Problem description:
Each record below is to be output unchanged, and any picture is to be dropped.

Dataset extract:
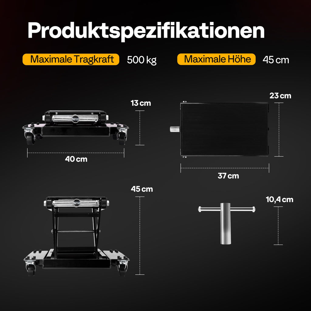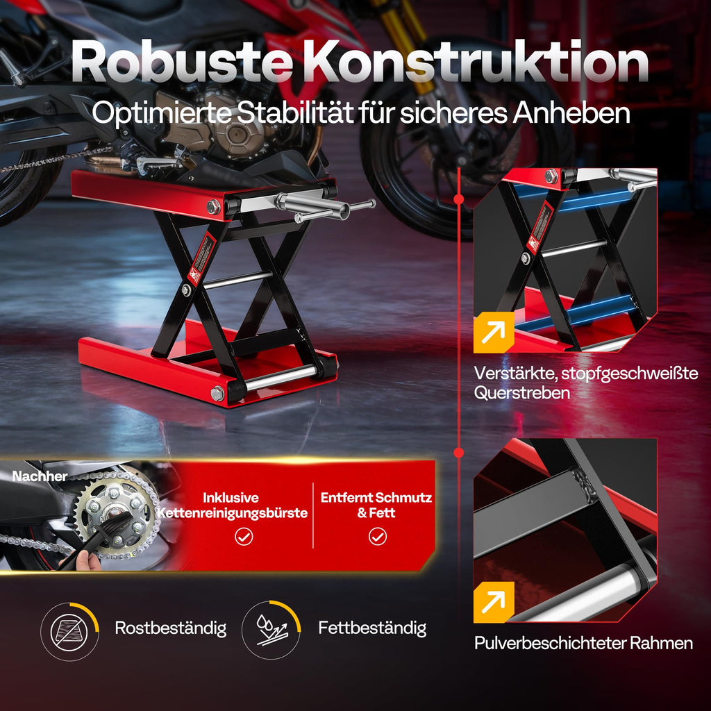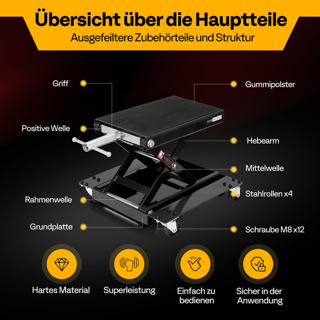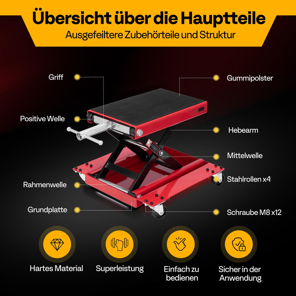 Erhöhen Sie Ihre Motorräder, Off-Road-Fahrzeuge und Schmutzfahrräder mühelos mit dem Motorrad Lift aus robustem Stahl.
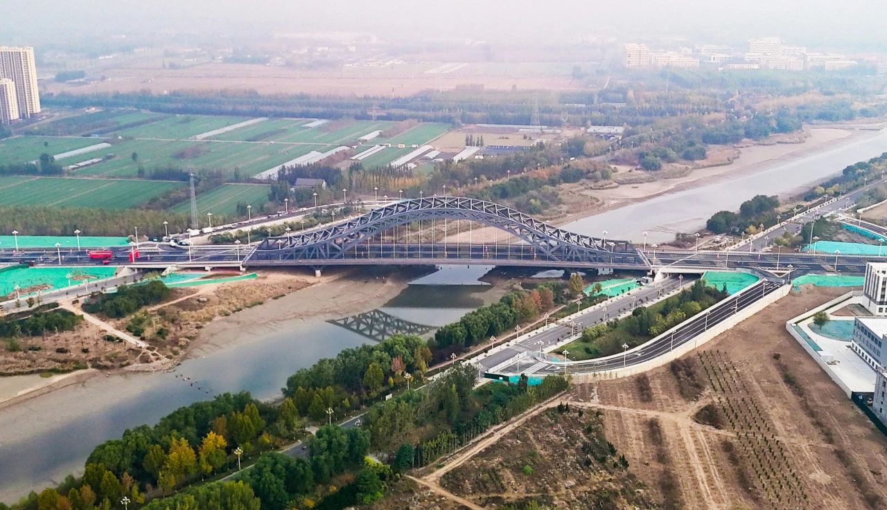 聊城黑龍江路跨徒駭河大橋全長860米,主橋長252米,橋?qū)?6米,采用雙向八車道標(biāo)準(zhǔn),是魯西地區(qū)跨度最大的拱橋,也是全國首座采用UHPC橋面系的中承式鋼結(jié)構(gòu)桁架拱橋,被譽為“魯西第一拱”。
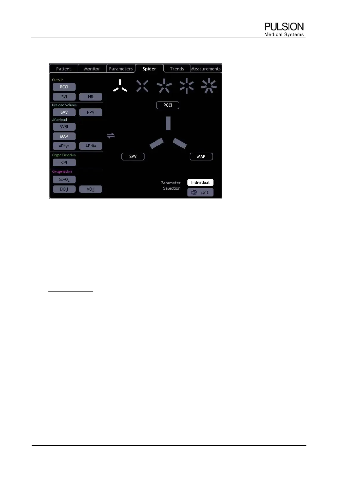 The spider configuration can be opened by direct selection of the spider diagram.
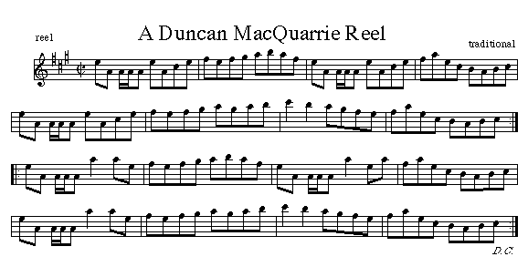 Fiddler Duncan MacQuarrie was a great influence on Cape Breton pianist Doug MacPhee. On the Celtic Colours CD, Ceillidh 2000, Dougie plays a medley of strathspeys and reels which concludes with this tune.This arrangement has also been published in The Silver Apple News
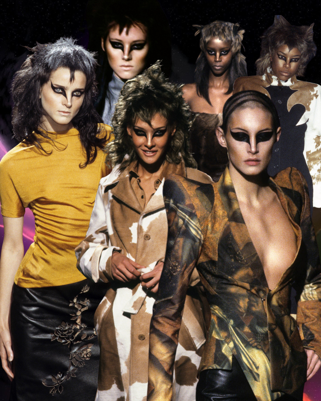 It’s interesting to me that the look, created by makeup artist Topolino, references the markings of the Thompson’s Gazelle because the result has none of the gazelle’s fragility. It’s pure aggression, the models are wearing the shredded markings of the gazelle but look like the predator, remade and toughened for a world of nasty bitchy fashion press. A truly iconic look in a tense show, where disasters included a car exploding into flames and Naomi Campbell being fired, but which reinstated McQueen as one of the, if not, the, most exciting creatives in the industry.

Written response:
 Erhöhen Sie Ihre Motorräder, Off-Road-Fahrzeuge und Schmutzfahrräder mühelos mit dem Motorrad Lift aus robustem Stahl.
 聊城黑龍江路跨徒駭河大橋全長860米,主橋長252米,橋?qū)?6米,采用雙向八車道標(biāo)準(zhǔn),是魯西地區(qū)跨度最大的拱橋,也是全國首座采用UHPC橋面系的中承式鋼結(jié)構(gòu)桁架拱橋,被譽為“魯西第一拱”。
 The spider configuration can be opened by direct selection of the spider diagram.
 Fiddler Duncan MacQuarrie was a great influence on Cape Breton pianist Doug MacPhee. On the Celtic Colours CD, Ceillidh 2000, Dougie plays a medley of strathspeys and reels which concludes with this tune.This arrangement has also been published in The Silver Apple News
 It’s interesting to me that the look, created by makeup artist Topolino, references the markings of the Thompson’s Gazelle because the result has none of the gazelle’s fragility. It’s pure aggression, the models are wearing the shredded markings of the gazelle but look like the predator, remade and toughened for a world of nasty bitchy fashion press. A truly iconic look in a tense show, where disasters included a car exploding into flames and Naomi Campbell being fired, but which reinstated McQueen as one of the, if not, the, most exciting creatives in the industry.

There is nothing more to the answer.